The next step is to file the Free Application for Federal Student Aid (FAFSA), which is available in January each year and can be completed after you file your federal income tax return. This application will determine if you qualify for a lower, fixed interest rate loan, 5%, through the Perkins loan program. Graduate students that qualify for the Perkins loan are able to borrow up to US$8,000 annually. This loan is only available for students with ‘exceptional need’, however, so don’t count on it.

The FAFSA is important to complete because even if you aren't awarded a Perkins loan or other discounted interest rate loan, it’s required to apply for other federal loans. Everyone’s situation is different, but some argue that federal loans are more advantageous to borrowers than private loans because they have more flexible repayment plans and are eligible for the Public Service Debt Forgiveness program. In short, don’t restrict your options: fill out the FAFSA.

Stafford loan and unsubsidized loans

For those going to graduate school with steady career prospects - think physicians and those at top-15 MBA or JD programs –  the benefits of federal loans aren’t as sizable. While flexible repayment plans and the option to consolidate multiple federal loans into one payment are nice, unless you’re getting a lower interest rate, the Financial Hardship Deferment and Public Service Debt Forgiveness programs probably aren’t applicable.

Still, it’s wise to know what federal loans are available: the unsubsidized Stafford Loan and the Grad PLUS. The Stafford Loan differs from its undergraduate sibling in that there isn’t a subsidized option where interest is deferred while you’re in school. One can borrow up to US$20,500 each year – more if you’re in certain health fields – and the interest rate is the 10-Year Treasury Note plus 3.6%. Grad PLUS doesn’t have a cap and its rate is the T-Note plus 4.6%.

What’s more, that interest rate is locked in for the life of the PLUS and Stafford Loan. Private loans, on the other hand, offer fixed and variable rates. While interest rates are low today, chances are it will take you 5-10 years to pay off your graduate school debt and the US economic environment will likely change. Fixed rate loans provide more stability, but you do pay a premium for that peace of mind. For those with aggressive repayment strategies, variable rate loans may be a calculated risk.

Wells Fargo and Sallie Mae are two of the largest private lenders to graduate students in the US. Your school’s financial aid office will most likely have relationships with these lenders and will help you apply for your MBA loan. One item to note is that since these are private loans, they don’t necessarily have to mirror the structure of federal loans. Like I mentioned above, with strong career prospects, this shouldn’t be a concern, but it is something to keep in mind.

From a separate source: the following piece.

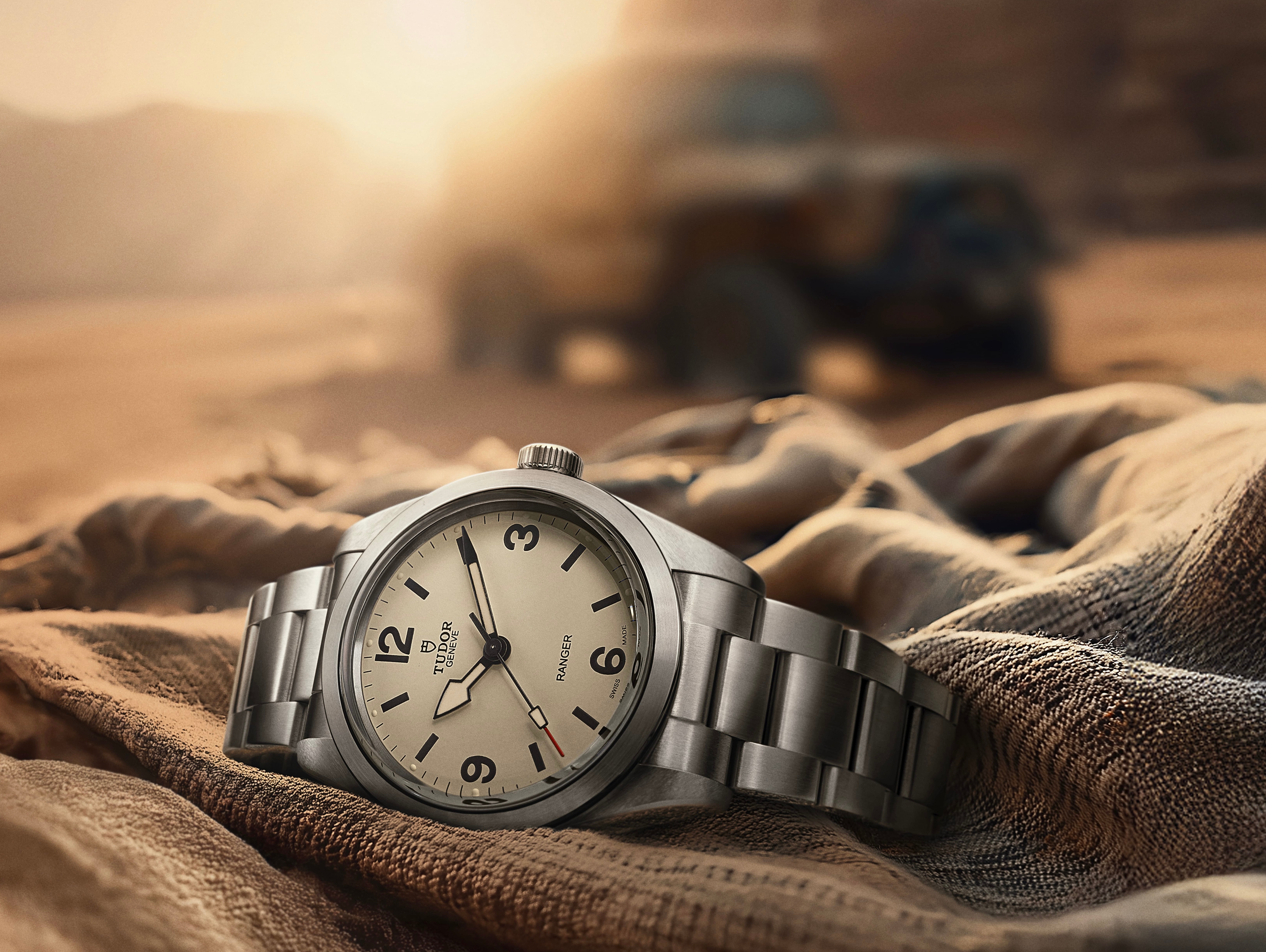 帝舵探险腕表X达喀尔拉力赛新款帝舵游侠型(Ranger)腕表从上世纪五十年代的不列颠北格陵兰考察(British North Greenland Expedition)到如今的达喀尔拉力赛(Dakar Rally),从冰盖探险到穿越沙特阿拉伯空境之域(也称鲁卜哈利沙漠,Empty Quarter)的沙丘,坚固耐用的帝舵腕表始终陪伴着敢为冒险家勇闯地球上那些极端之境。磨砂316L钢表壳,直径36毫米或39毫米,搭配316L钢固定外圈,圆拱形粒纹哑光黑色或“沙丘白”表盘,钟点标记涂有A级瑞士Super-LumiNova®夜光涂层,“帝舵游侠型”指针,涂有A级瑞士Super-LumiNova®夜光涂层,帝舵表原厂机芯MT5400型或MT5402型,获瑞士官方天文台认证(COSC),配备硅游丝及70小时动力储备,五年可转让保用保证,无需登记或定期检查。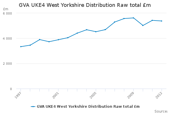 Download this time seriesGVA UKE4 West Yorkshire Distribution Raw total £m

An excellent resource to use is, where you can type in what graduate program you’re interested in and how much you’ll need to borrow and the website will search for the best interest rates. Particularly helpful for MBAs, has an 'MBA Student Loan Calculator' that will tell you what the price of attending your program is and how much a CommonBond loan would cost. Here’s an example:


Grad school loans

Last, the newest option to pay for graduate school loans is by using peer-to-peer (P2P) lending. Several companies – Lending Club, Prosper, Upstart, Prodigy, and SoFi – pool investors together to fund a student’s tuition or an entrepreneur’s new venture. The need for due diligence from the borrower is higher here because all loan contracts will be different from lender to lender. P2P can be advantageous, however, because these loans do offer an opportunity to get a low interest rate loan rather quickly.

Whatever source you choose, make sure it’s the best option for you. Make a budget so you know how much you’ll need to borrow and then fill out the FAFSA. After that, shop for the best interest rates: depending on your career choice, you might be able to minimize the risk associated with a non-federal, variable interest rate loan. As daunting as taking on US$100,000+ in loans can be, take a deep breath and remember that this is an investment in your future.

This article was originally published in November 2015 .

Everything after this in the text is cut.